**Directions**
Omit the pictures and return exactly the stretch of the material below from the line with "Bref, l'ambiance Q1" through the line with "В журнале можно".
**** Records for this exercise ****
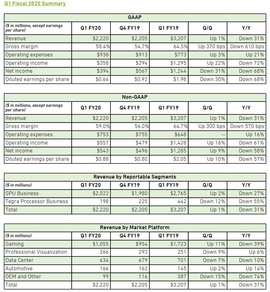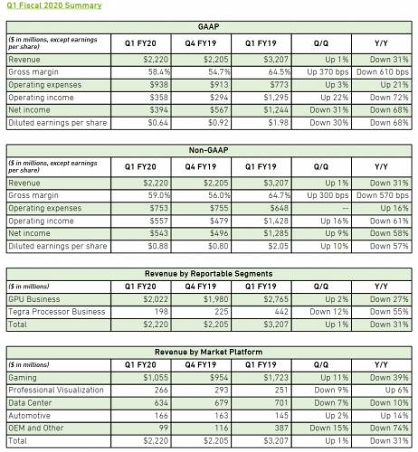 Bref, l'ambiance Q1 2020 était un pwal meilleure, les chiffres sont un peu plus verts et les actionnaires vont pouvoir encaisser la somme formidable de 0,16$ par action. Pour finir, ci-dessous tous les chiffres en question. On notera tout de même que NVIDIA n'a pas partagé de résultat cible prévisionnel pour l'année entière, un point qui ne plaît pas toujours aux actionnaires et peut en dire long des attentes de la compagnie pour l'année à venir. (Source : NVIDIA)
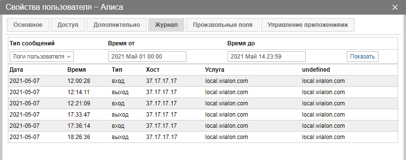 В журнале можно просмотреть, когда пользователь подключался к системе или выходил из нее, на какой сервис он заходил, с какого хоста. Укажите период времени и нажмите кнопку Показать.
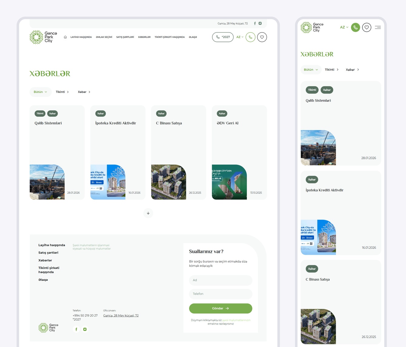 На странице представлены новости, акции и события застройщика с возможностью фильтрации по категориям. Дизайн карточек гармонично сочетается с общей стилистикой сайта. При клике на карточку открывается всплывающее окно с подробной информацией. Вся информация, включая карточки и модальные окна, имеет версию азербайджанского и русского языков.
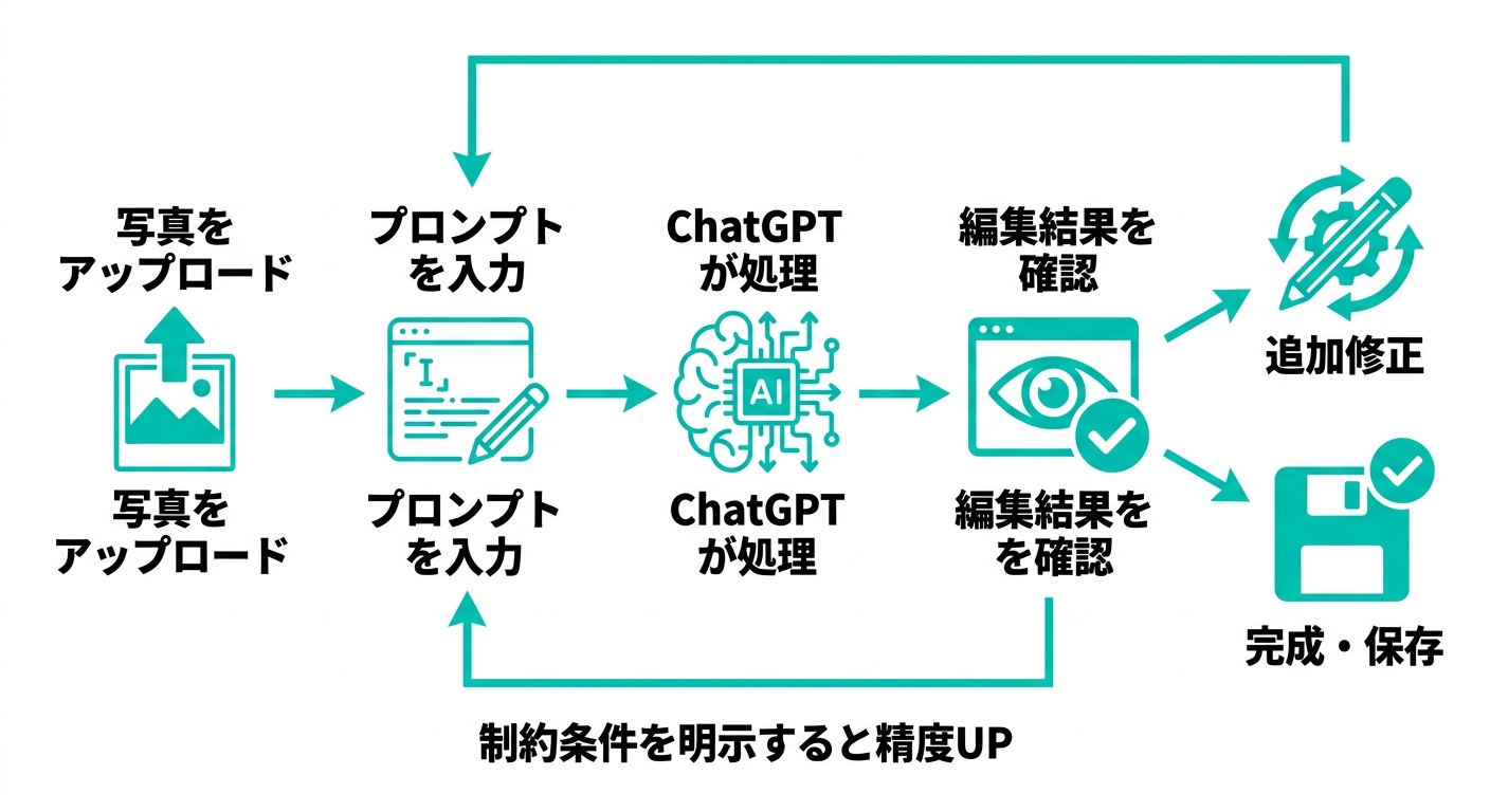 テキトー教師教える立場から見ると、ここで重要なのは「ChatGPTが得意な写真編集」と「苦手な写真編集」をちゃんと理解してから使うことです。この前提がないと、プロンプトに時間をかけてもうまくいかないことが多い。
****
**** Records for this exercise ****
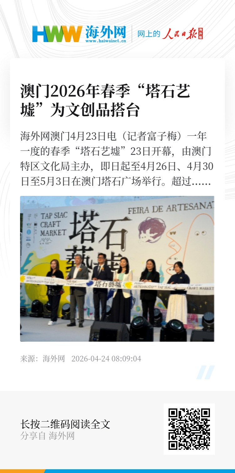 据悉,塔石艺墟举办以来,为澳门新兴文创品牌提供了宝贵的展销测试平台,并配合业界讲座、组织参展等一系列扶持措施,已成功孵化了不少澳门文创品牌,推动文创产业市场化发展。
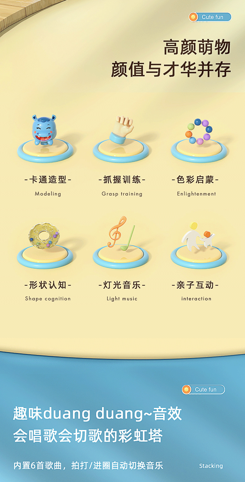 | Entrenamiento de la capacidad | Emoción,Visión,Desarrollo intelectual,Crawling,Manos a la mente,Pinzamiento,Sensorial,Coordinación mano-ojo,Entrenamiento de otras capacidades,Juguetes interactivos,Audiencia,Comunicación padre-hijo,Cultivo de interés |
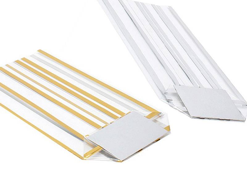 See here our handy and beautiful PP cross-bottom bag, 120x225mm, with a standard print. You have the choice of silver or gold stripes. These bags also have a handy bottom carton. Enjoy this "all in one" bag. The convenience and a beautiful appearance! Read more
****
**Exercise answer**
 Bref, l'ambiance Q1 2020 était un pwal meilleure, les chiffres sont un peu plus verts et les actionnaires vont pouvoir encaisser la somme formidable de 0,16$ par action. Pour finir, ci-dessous tous les chiffres en question. On notera tout de même que NVIDIA n'a pas partagé de résultat cible prévisionnel pour l'année entière, un point qui ne plaît pas toujours aux actionnaires et peut en dire long des attentes de la compagnie pour l'année à venir. (Source : NVIDIA)
 В журнале можно просмотреть, когда пользователь подключался к системе или выходил из нее, на какой сервис он заходил, с какого хоста. Укажите период времени и нажмите кнопку Показать.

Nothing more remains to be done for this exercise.